About 20 years ago Joe started to experiment with what he calls ‘artistic’ baskets. “I wanted to apply the traditional techniques to other projects, and also had the feeling that I wanted to reconnect with nature.” He had been gathering pieces of weathered wood – bleached gorse, driftwood, bog pine, holly – on his walks and began to explore how he could incorporate them into his work. The technique he had learned for making creels, which inverted the usual process by fixing the structural upright willow rods in the ground and then weaving around them from the ground upwards, gave him the idea for a series of organically shaped larger pieces.

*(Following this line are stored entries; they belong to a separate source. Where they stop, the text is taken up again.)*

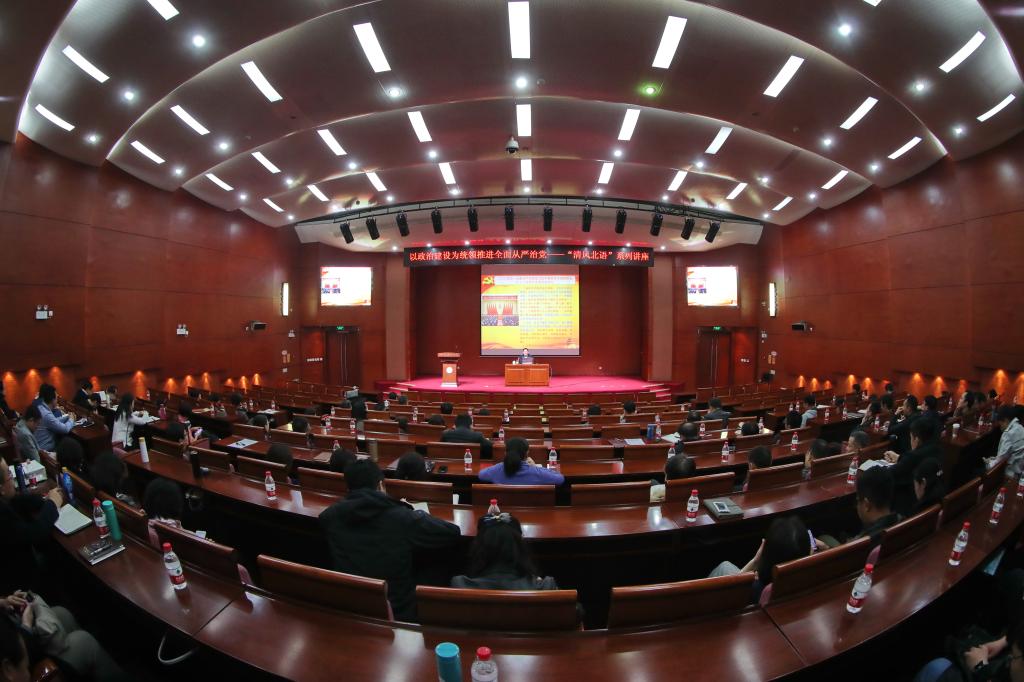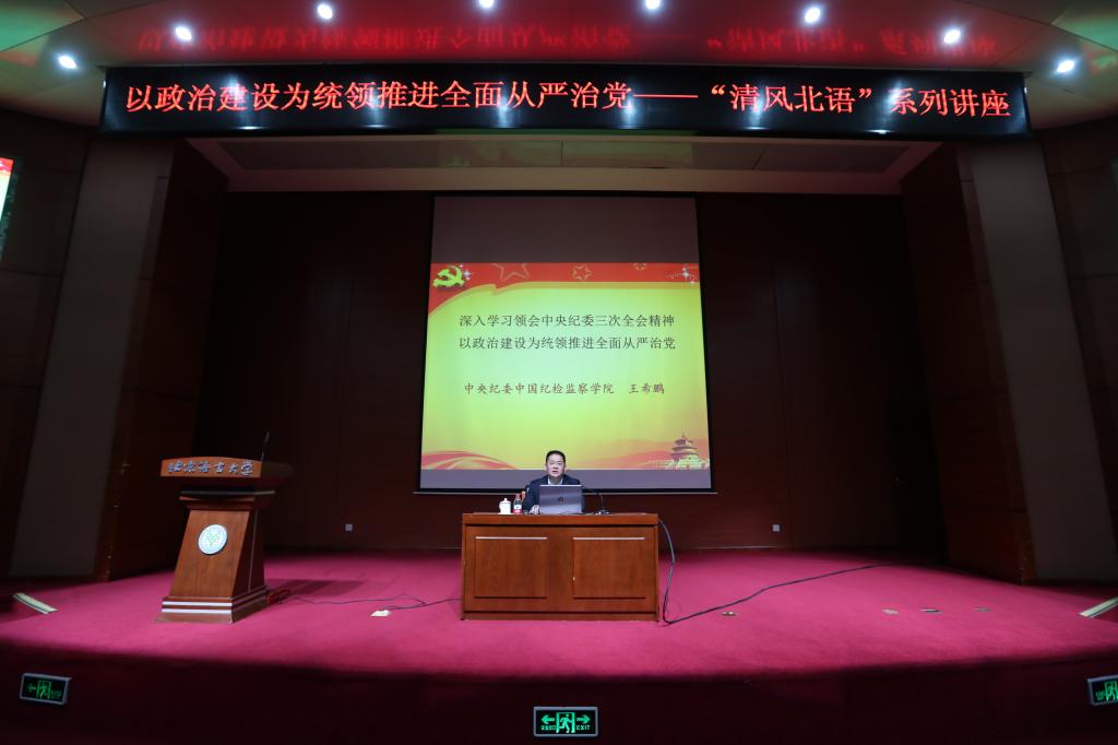 4月2日,在逸夫报告厅,中央纪委中国纪检监察学院副研究员、法学博士王希鹏老师以“深入学习领会中央纪委三次全会精神,以政治建设为统领推进全面从严治党”为题,为我校党员干部作专题辅导报告。学校中层以上干部、全体教职工党支部书记听取了辅导报告。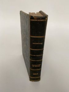 [MANUSCRIT - PHILOSOPHIE] - Cours manuscrit XIXe siècle de philosophie titré au dos Baccalauréat ès-lettres. Auteurs français - 1 volume In-8° - Environ 200 pages sur environ 400 feuillets à l’encre noire bien lisible - Reliure de l’époque demi-chagrin noir (coins et coupes usés, mors fendus) - Dos lisse orné, titré et daté or (1865) - Bon intérieur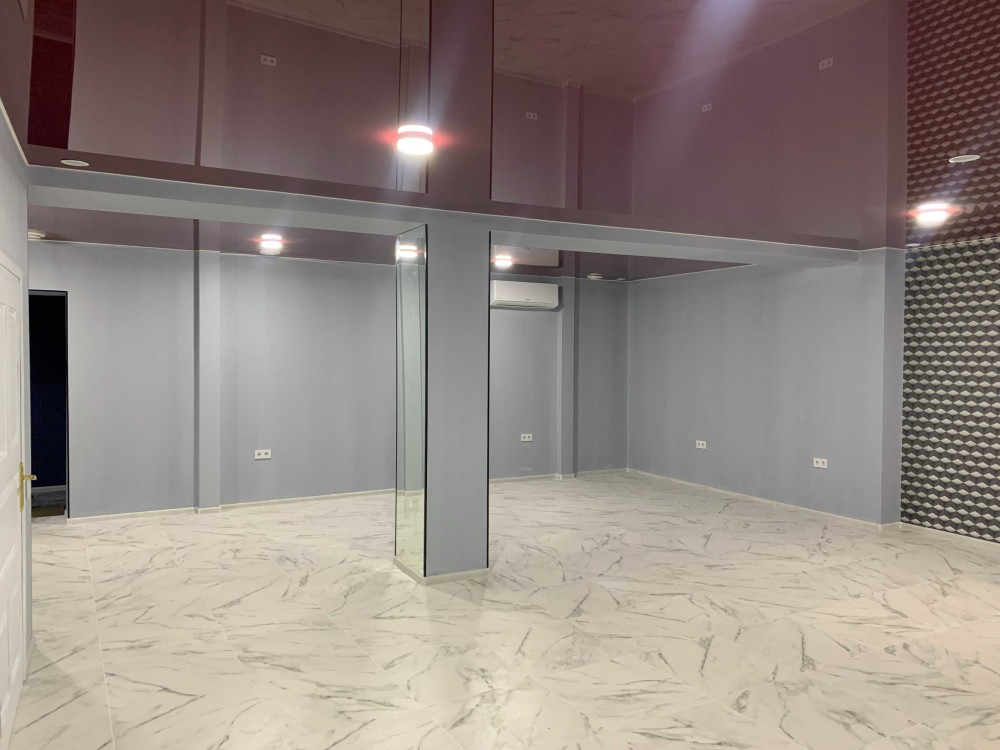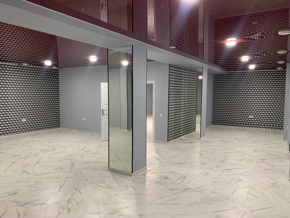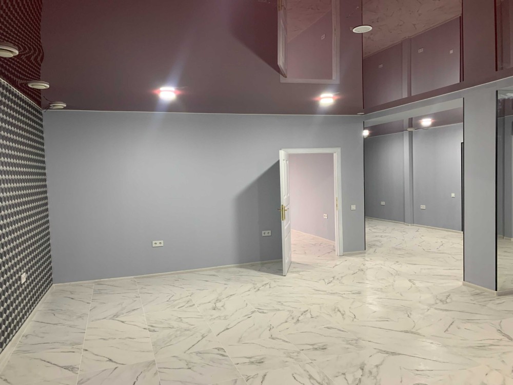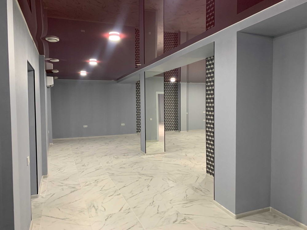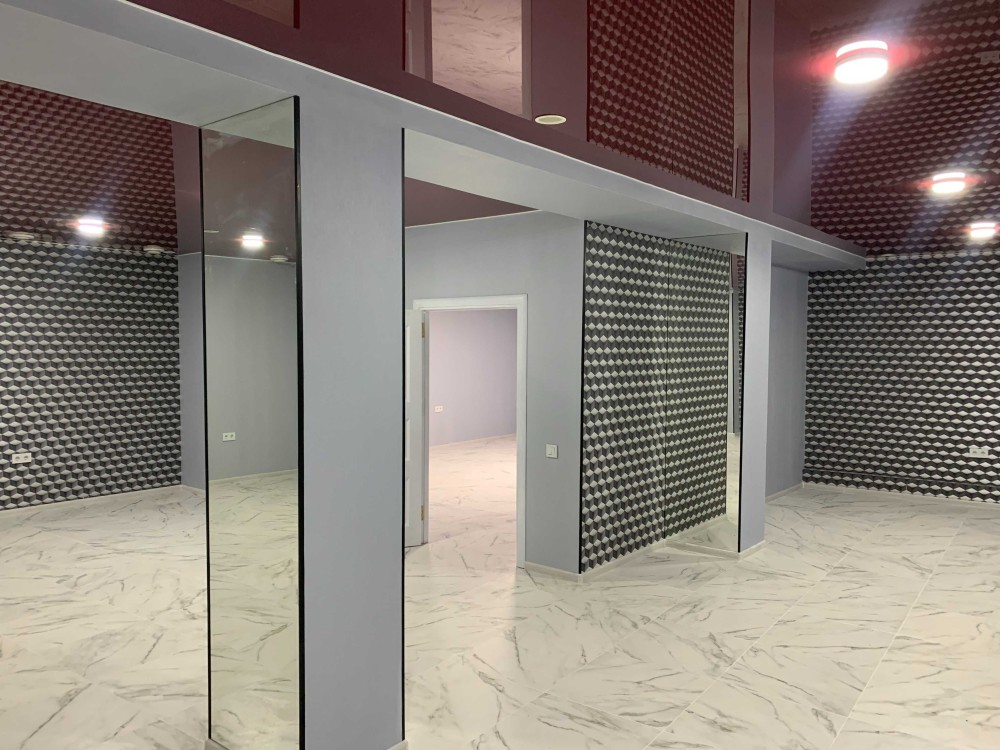 Висота стелі 2,70 м. Стіни покриті шпалерами, на стовпах дзеркала. Натяжна стеля.

A Crafts Council bursary allowed him the time to make a number of these strikingly original vessel - or boat-like pieces, each one informed by the shape of the found wood, which he lays on the ground as the starting point. To his surprise they suddenly became commercially successful, as did his next development,
pod-like sculptures woven around ‘openings of wood’, pieces of weathered roots or branches that either form a natural aperture or that Joe creates by attaching two pieces together Joe started to experiment with interestingly shaped or marked stones as the focal point of these pods. Some of the largest of these unique pieces, more than a metre in diameter, were commissioned by the Spanish fashion house Loewe to form the stunning centrepiece of its Spring/Summer 2019 fashion show.
Weaving with other, less flexible materials – birch, hazel, larch, heather, bog myrtle – to create nest-inspired pieces is Joe’s most recent challenge. “I’ve always loved birds’ nests,” he says. “You are struck by the ingenuity, and then you become aware of the decline of bird numbers.” The first ones he tried were, he says, “a bit basket like”. But increasingly he is drawn to looser, less structured forms. “The nest making is informed by basketry techniques but now I’m trying to make something almost artless. I hope it isn’t obvious they are made by a person.” It is a skill that requires both the strength to bend less flexible branchy material, such as larch, and the lightness of touch to insert and fix lichen-covered stems without dislodging the delicate encrustations.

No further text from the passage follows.